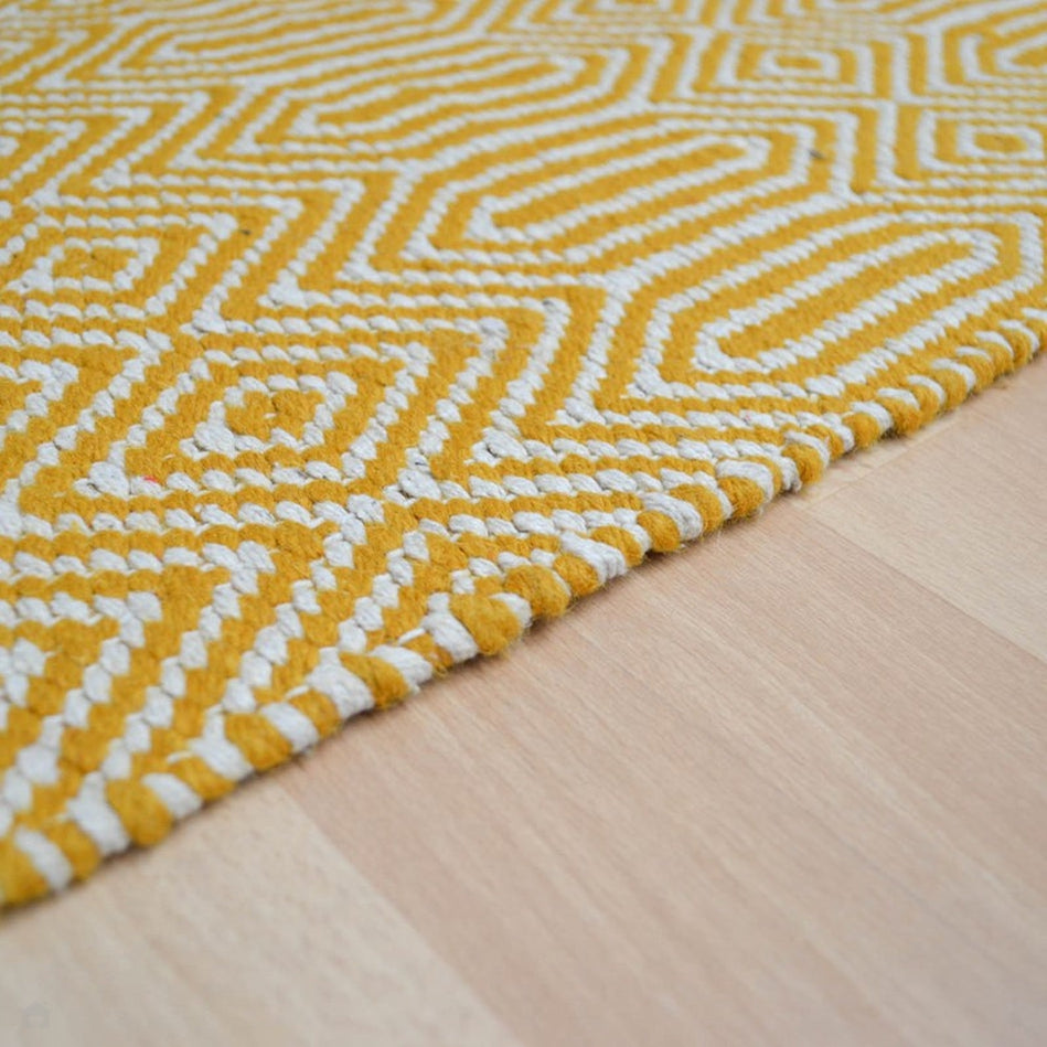 Its repeating geometric diamond pattern is woven using mustard yellow and ivory yarns, creating a lively yet refined contrast. The soft wool fibres and flatweave texture ensure a smooth, resilient surface — perfect for living rooms, dining spaces, and relaxed modern interiors. Sloan draws inspiration from traditional hand-woven textiles, featuring rhythmic geometric motifs that echo ethnic and tribal design heritage redefined in modern geometric simplicity through clean lines and balanced symmetry for minimalist, Scandinavian, or urban interiors. Sloan brings effortless sophistication to contemporary living spaces.
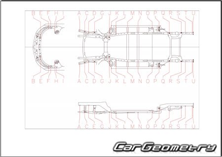 Body dimensions for restoring the body geometry of Chevrolet Equinox from 2024. With the help of this information, you can check the geometry of the damaged body, as well as carry out restoration work on the straightening of cars.
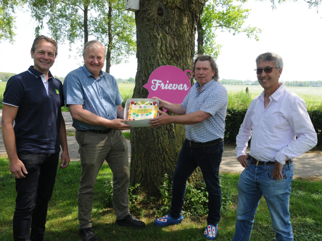 Sinds 2013 produceert AR als ketenpartner van Frievar voer voor varkenshouders die deelnemen aan deze keten. Om de 10-jarige samenwerking te vieren togen Eelco van de Hoef en Johan Schuttert naar Friesland om een taart te overhandigen aan Frievar.
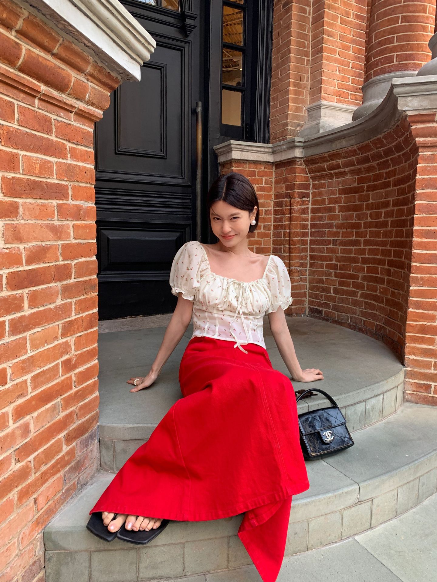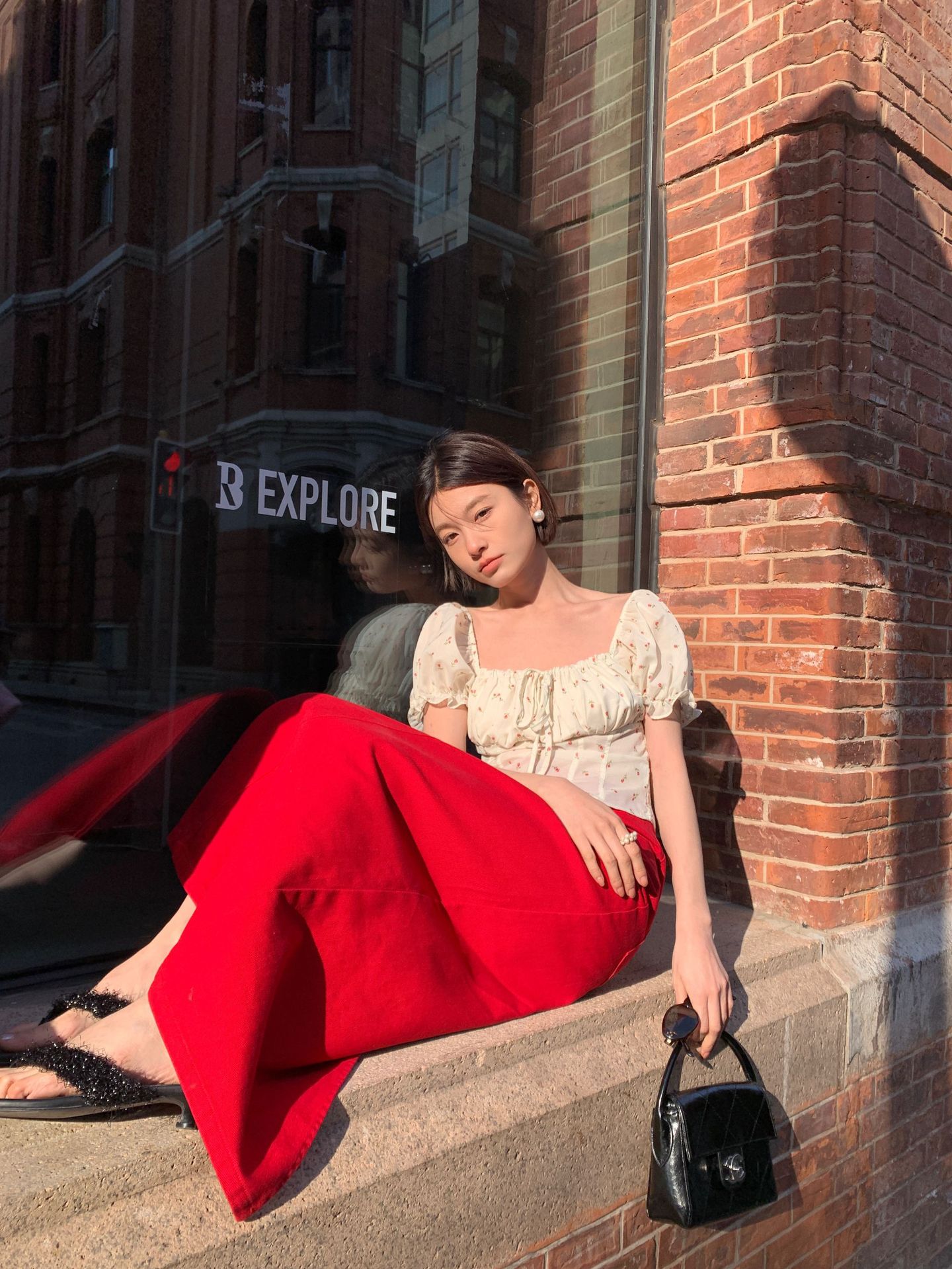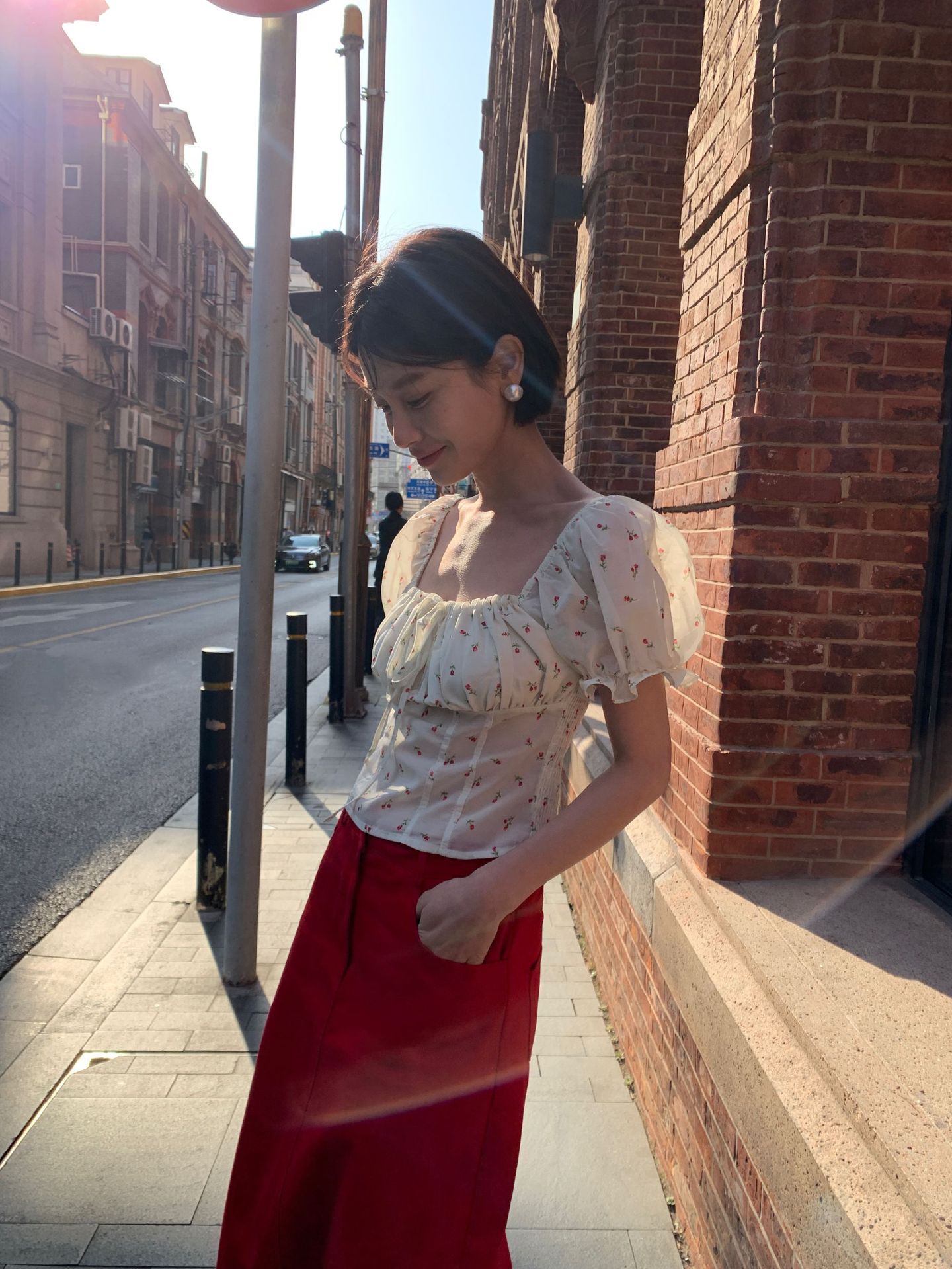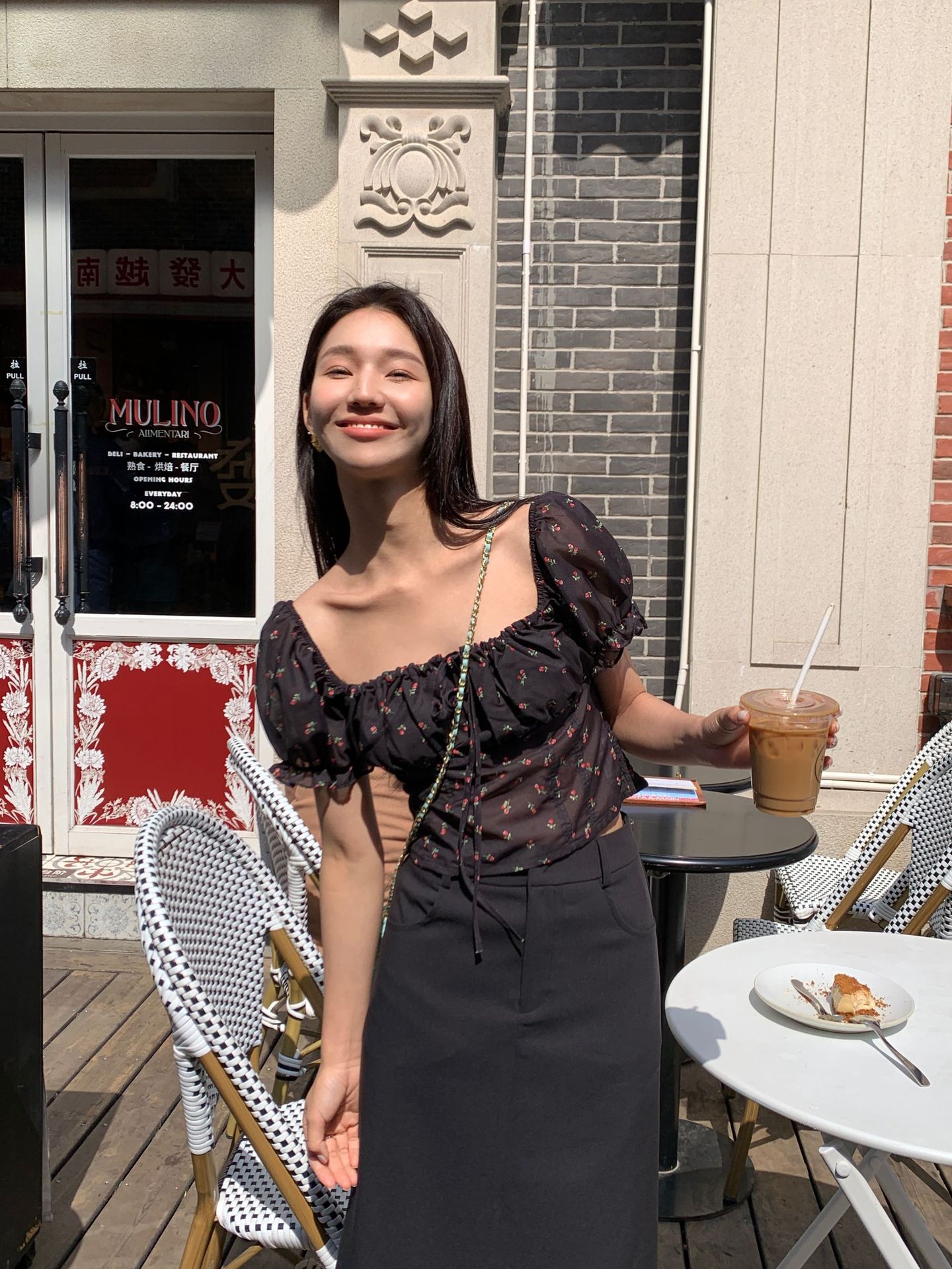 诠释美NEW OPEN夏法式洋气上衣女碎花系带套头显瘦小衫82136
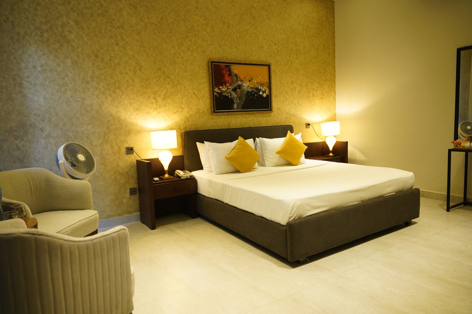 Step into a world of elegant interiors, where contemporary design meets timeless charm. Each suite features a separate living area, plush bedding, and state-of-the-art technology, catering to both relaxation and business needs. Enjoy high-speed Wi-Fi, a dedicated work desk, and premium entertainment systems, making it perfect for corporate travelers who demand efficiency without compromising on comfort.
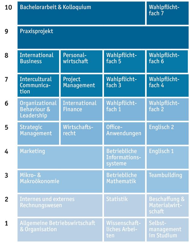 Die Studieninhalte entsprechen einem anspruchsvollen Curriculum für Internationale Betriebswirtschaftslehre. Die Internationale Komponente wird neben dem Fächerkanon auch dadurch sichergestellt, dass ein Teil der Kurse in englischer Sprache unterrichtet wird. Im Grundstudium werden die sprachlichen Kenntnisse erarbeitet bzw. ausgebaut und das international anerkannte TOEIC-Zertifikat erworben (TOEIC = Test of English for International Communication). Im Hauptstudium werden dann darauf aufbauend Vorlesungen in englischer Sprache gehalten und auch ausländische Dozierende eingesetzt.
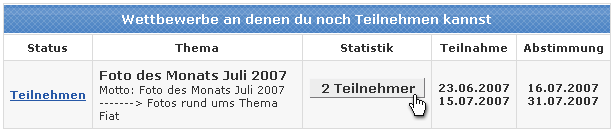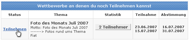 Hier findet Ihr dann eine Aufstellung der Wettbewerbe an denen aktuell eine Teilnahme möglich ist. Um an einem teilzunehmen, einfach auf "Teilnehmen" klicken!
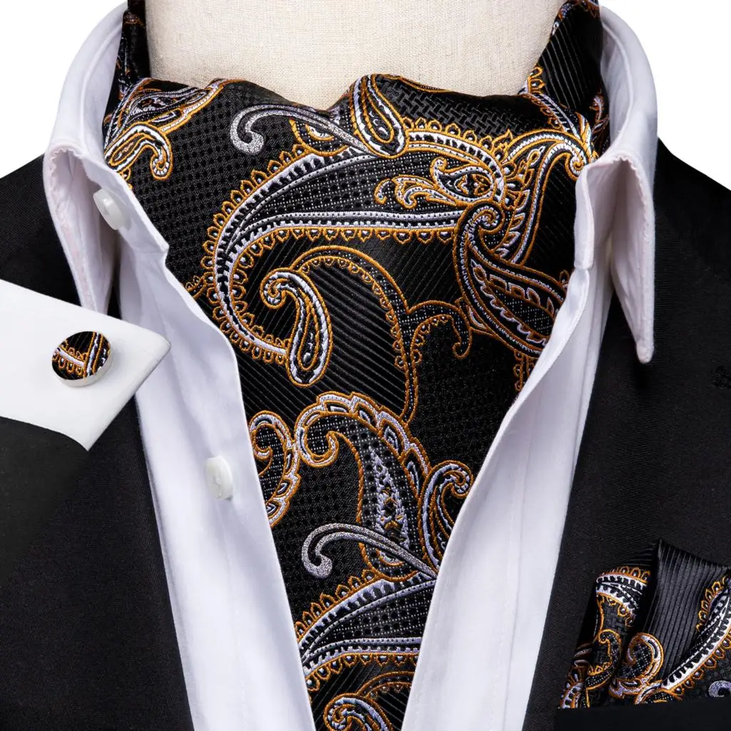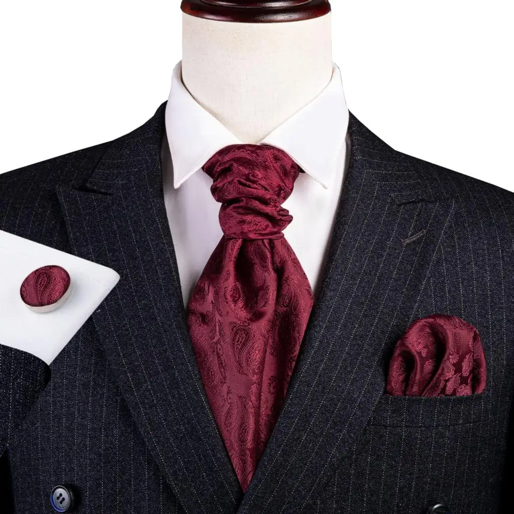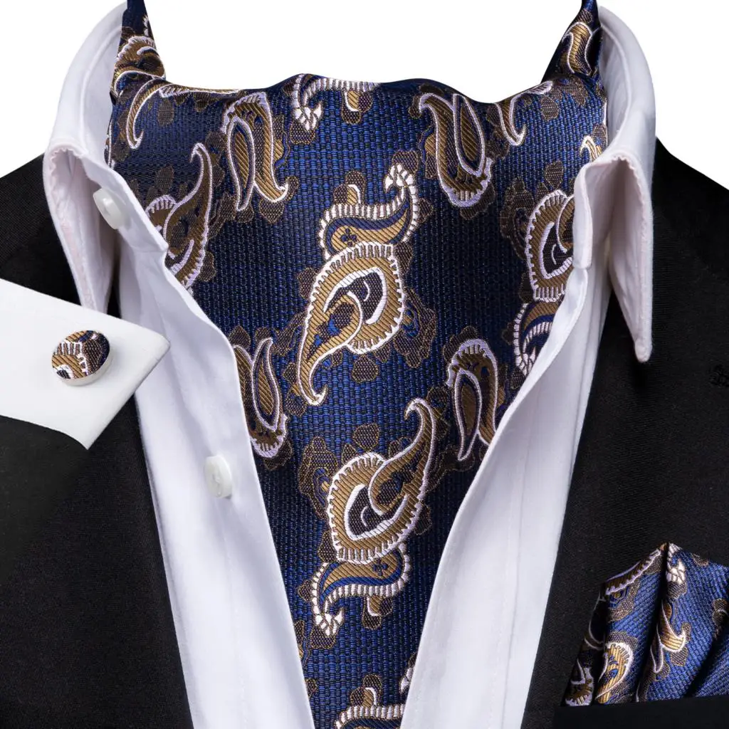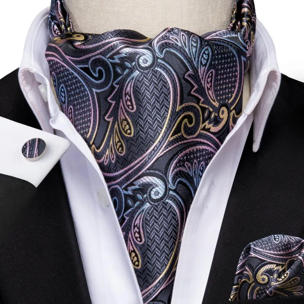 Elegent Silk Mens Ascot Tie Hanky gemelli Set Jacquard Floral Paisley 60 colori cravatta per uomo Wedding Business Prom Hi-Tie
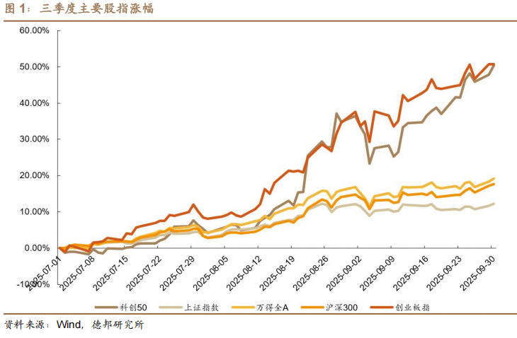 核心观点 - 2025年9月30日A股市场震荡分化上行,科技股维持强势,全市场成交额约2.20万亿元[3][6] - 三季度创业板指和科创50指数分别大幅上涨50.40%和49.02%,显著优于上证指数12.73%的涨幅[6] - 短期市场风格或将从“科技领涨”转向“均衡配置”,但科技板块内部强逻辑细分品种仍将有不错表现,红利板块配置价值凸显[12] - 中长期看好A股市场,主因美元降息周期释放全球流动性以及国内经济复苏和科技产业加码[12] 市场行情分析:股票市场 - 节前最后一个交易日A股呈现分化上行格局,上证指数收涨0.52%至3882.78点,科创50收涨1.69%[6] - 成长板块延续强势,金融等防御性板块承压,半导体和锂电设备等科技成长赛道表现突出[6] - 9月成交额整体维持在2万亿元以上,市场流动性充裕,支撑结构性行情展开[6] - 10月节后需关注上市公司三季报披露以及四中全会将于10月20日召开,“十五五”规划相关政策或带来新投资方向[6] 市场行情分析:债券市场 - 国债期货市场低开高走,10年期主力合约收盘上涨0.17%至107.845元,30年期主力合约上涨0.10%至113.90元[9] - 资金面偏松,Shibor 7天期利率下行11.8BP至1.41%,央行当日净回笼资金339亿元[9] - 9月制造业PMI环比回升0.4个百分点至49.8%,创近6个月新高,但仍处于收缩区间[9] - 在经济弱修复背景下货币政策难收紧,债市有望筑底后维持震荡偏强走势[9] 市场行情分析:商品市场 - 国内商品期货市场分化显著,南华商品指数下跌0.75%至2539.12点[10] - 贵金属板块逆势领涨,沪金、沪铜主力合约涨幅均超1%;焦煤、原油、焦炭跌幅居前,分别下跌3.88%、2.99%、2.61%[10] - 黑色品种交易核心从政策预期转向政策效果,关注供给收缩后的价格需求支撑[10] - 贵金属趋势确立,美联储降息周期下实际利率下行有望推动黄金定价上移,地缘政治风险进一步支撑价格[10] 交易热点追踪 - 近期热门品种包括贵金属、人工智能、国产芯片、机器人、大消费、券商等,均获“多”评级[11] - 贵金属核心逻辑为央行持续增持与美联储降息;人工智能逻辑为全球科技巨头资本开支加速;国产芯片逻辑为技术突破与国产替代空间大[11] - 权益市场短期或开启震荡,风格转向均衡配置;债市短期有压力但超长期国债期货性价比凸显;商品市场贵金属和有色金属因全球流动性宽松值得长期布局[12]
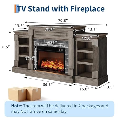 LGHM 72" Electric Fireplace with Mantel, Fireplace TV Stand for TVs Up to 80 Inch, Modern Entertainment Center with Storage, Fireplace Heater Insert with Realistic 3D Flame for Living Room
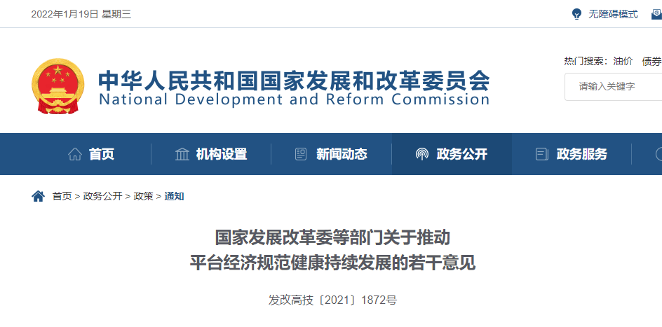 近日,国家发展改革委等九部门联合下发关于推动平台经济规范健康持续发展的若干意见。1月19日,国家发展改革委网站发布了国家发展改革委负责同志就《关于推动平台经济规范健康持续发展的若干意见》答记者问。

☆ ☆ ☆ ☆ ☆

■ **Exercise goal**: Output exactly the stretch of the listing that begins at the line containing "Body dimensions for" and ends at the line containing "Elegent Silk Mens", both kept. Omit pictures and everything else.

■ **Task answer**:
 Body dimensions for restoring the body geometry of Chevrolet Equinox from 2024. With the help of this information, you can check the geometry of the damaged body, as well as carry out restoration work on the straightening of cars.
 Sinds 2013 produceert AR als ketenpartner van Frievar voer voor varkenshouders die deelnemen aan deze keten. Om de 10-jarige samenwerking te vieren togen Eelco van de Hoef en Johan Schuttert naar Friesland om een taart te overhandigen aan Frievar.
 诠释美NEW OPEN夏法式洋气上衣女碎花系带套头显瘦小衫82136
 Step into a world of elegant interiors, where contemporary design meets timeless charm. Each suite features a separate living area, plush bedding, and state-of-the-art technology, catering to both relaxation and business needs. Enjoy high-speed Wi-Fi, a dedicated work desk, and premium entertainment systems, making it perfect for corporate travelers who demand efficiency without compromising on comfort.
 Die Studieninhalte entsprechen einem anspruchsvollen Curriculum für Internationale Betriebswirtschaftslehre. Die Internationale Komponente wird neben dem Fächerkanon auch dadurch sichergestellt, dass ein Teil der Kurse in englischer Sprache unterrichtet wird. Im Grundstudium werden die sprachlichen Kenntnisse erarbeitet bzw. ausgebaut und das international anerkannte TOEIC-Zertifikat erworben (TOEIC = Test of English for International Communication). Im Hauptstudium werden dann darauf aufbauend Vorlesungen in englischer Sprache gehalten und auch ausländische Dozierende eingesetzt.
 Hier findet Ihr dann eine Aufstellung der Wettbewerbe an denen aktuell eine Teilnahme möglich ist. Um an einem teilzunehmen, einfach auf "Teilnehmen" klicken!
 Elegent Silk Mens Ascot Tie Hanky gemelli Set Jacquard Floral Paisley 60 colori cravatta per uomo Wedding Business Prom Hi-Tie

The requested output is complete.